DIRECTIONS FOR THIS TASK: Copy out the data word for word. The images are not part of the copy.

---------- DATA FOR ANALYSIS ----------

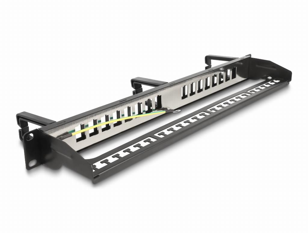 Questo pannello patch Delock può essere montato in un armadio da 19″. Con le sue dimensioni standardizzate, è adatto per un montaggio semplice a scatto di 16 moduli Keystone.
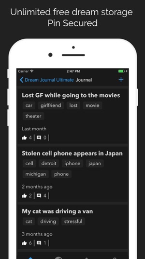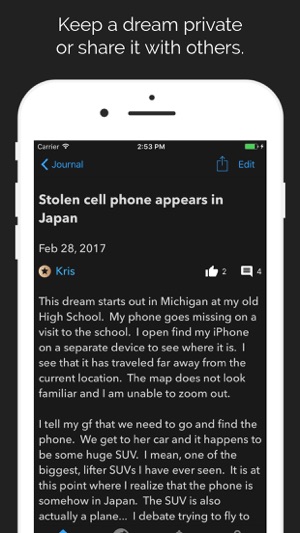 For any dream you enter, you can keep it private or share it to the Dream Wall, a dream based social network where you can share your dreams with other users to get feedback. Share as many or as little as you want.
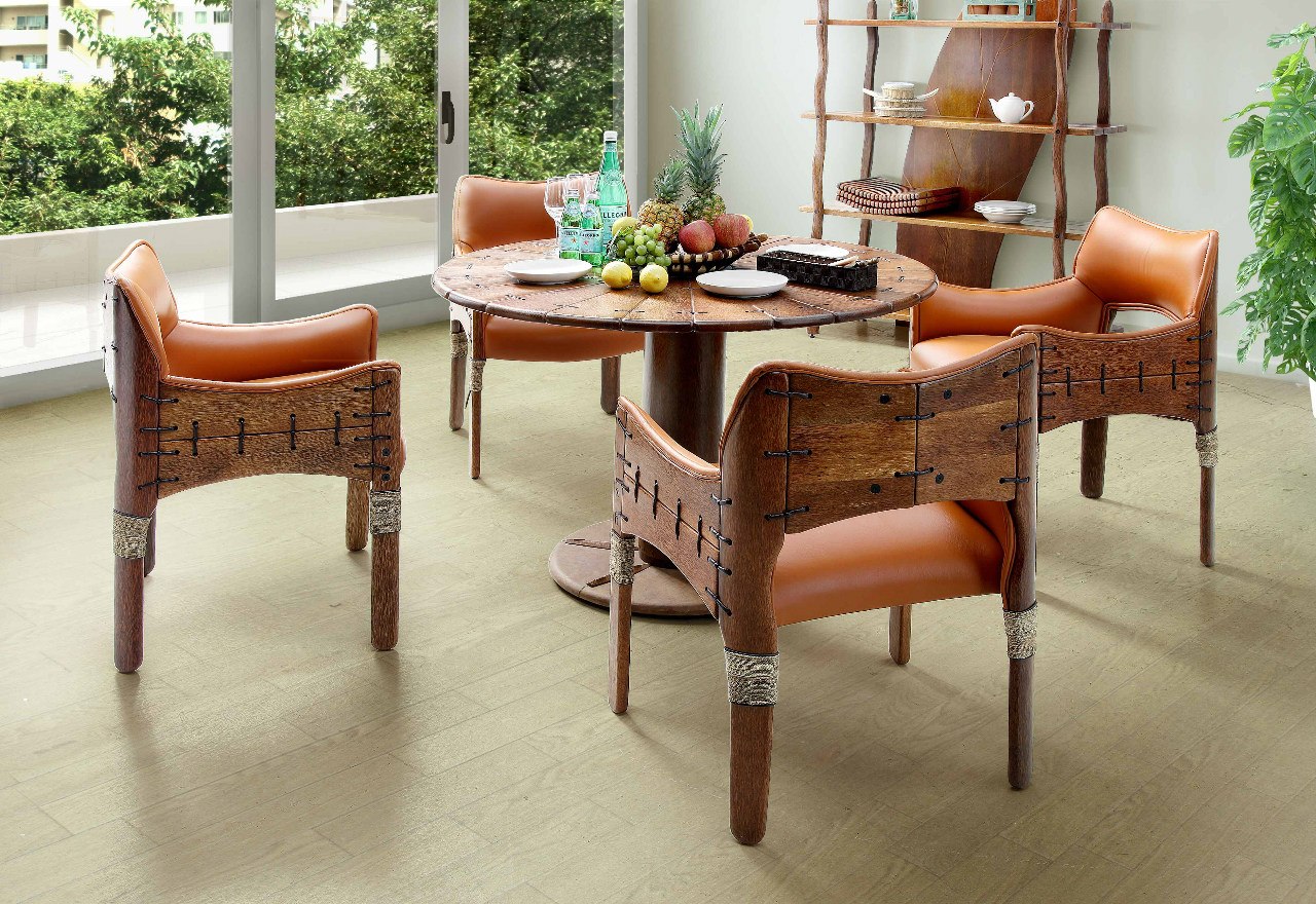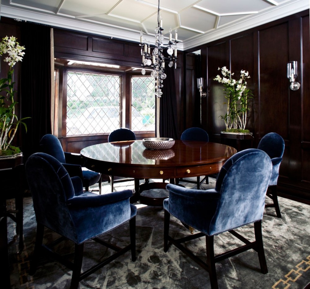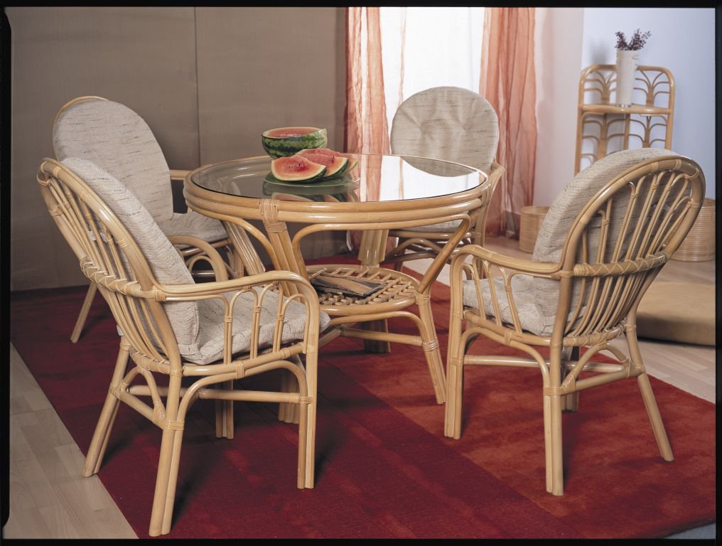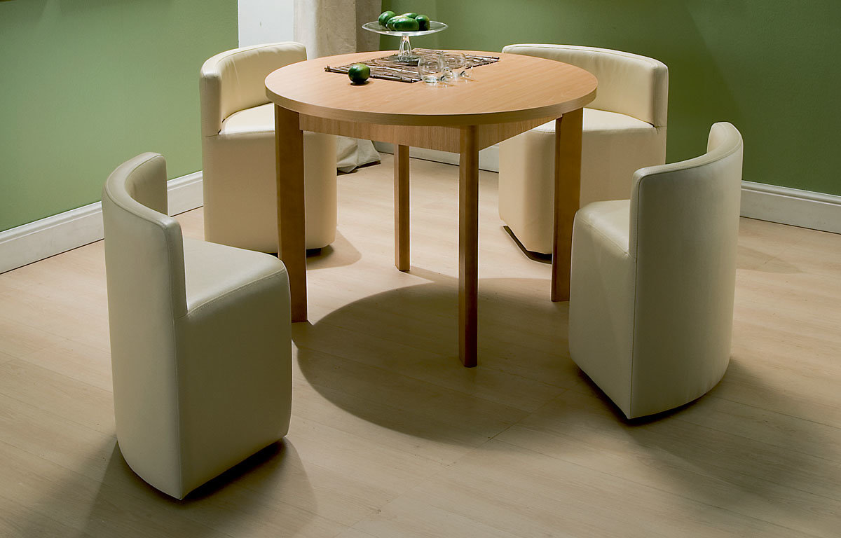Chairs usually complete the round dining table. They combine comfortable soft armrests and a back.
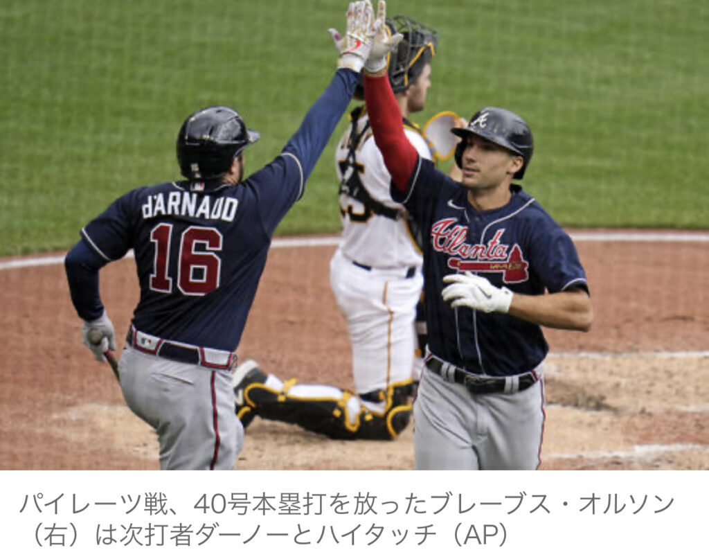 【MLB】ブレーブス・オルソン、大谷翔平に並ぶ40号 打点も両リーグトップ「101」
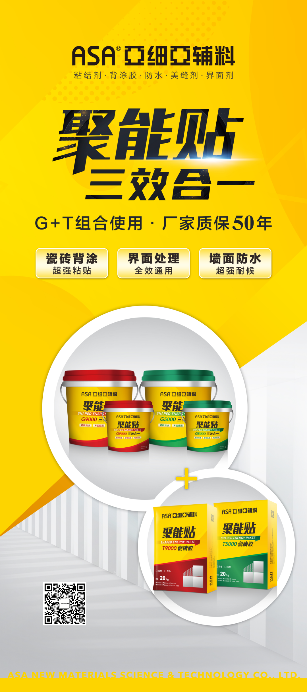室内外瓷砖铺贴,亚细亚聚能贴全效通用。在性能上,它的强度高于普通单组份瓷砖背涂胶的2-5倍之多,轻松满足低吸水率、大规格瓷砖、仿古砖、大理石、花岗岩等产品铺贴。除此之外,这款产品具备瓷砖背涂、界面处理、墙面防水三效合一,即刷即贴,省时高效。搭配聚能贴瓷砖胶,使用效果更佳。严格遵守亚细亚施工流程,G+T组合使用质保可达50年。
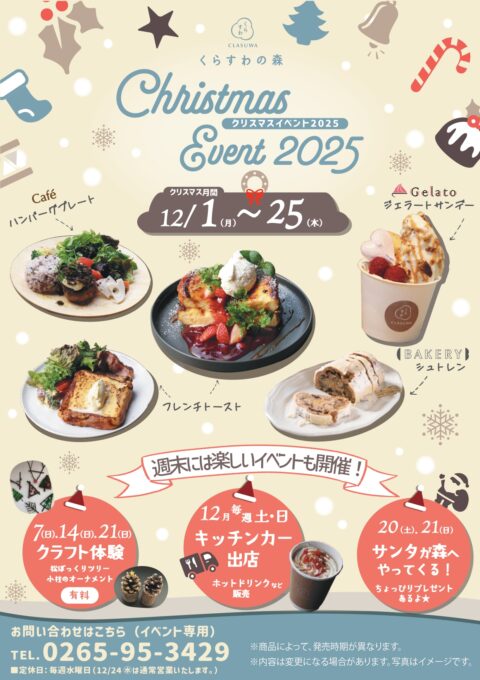 12月1日(月)〜25日(木)まで、くらすわの森各店舗で「クリスマス月間」を開催します。この時期だけの特別メニューやギフト、イベントをお楽しみください!
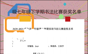2020~2021学年度七年级第二学期英语书法比赛获奖名单

----------

EXERCISE ANSWER:
 Questo pannello patch Delock può essere montato in un armadio da 19″. Con le sue dimensioni standardizzate, è adatto per un montaggio semplice a scatto di 16 moduli Keystone.
 For any dream you enter, you can keep it private or share it to the Dream Wall, a dream based social network where you can share your dreams with other users to get feedback. Share as many or as little as you want.
Chairs usually complete the round dining table. They combine comfortable soft armrests and a back.
 【MLB】ブレーブス・オルソン、大谷翔平に並ぶ40号 打点も両リーグトップ「101」
室内外瓷砖铺贴,亚细亚聚能贴全效通用。在性能上,它的强度高于普通单组份瓷砖背涂胶的2-5倍之多,轻松满足低吸水率、大规格瓷砖、仿古砖、大理石、花岗岩等产品铺贴。除此之外,这款产品具备瓷砖背涂、界面处理、墙面防水三效合一,即刷即贴,省时高效。搭配聚能贴瓷砖胶,使用效果更佳。严格遵守亚细亚施工流程,G+T组合使用质保可达50年。
 12月1日(月)〜25日(木)まで、くらすわの森各店舗で「クリスマス月間」を開催します。この時期だけの特別メニューやギフト、イベントをお楽しみください!
2020~2021学年度七年级第二学期英语书法比赛获奖名单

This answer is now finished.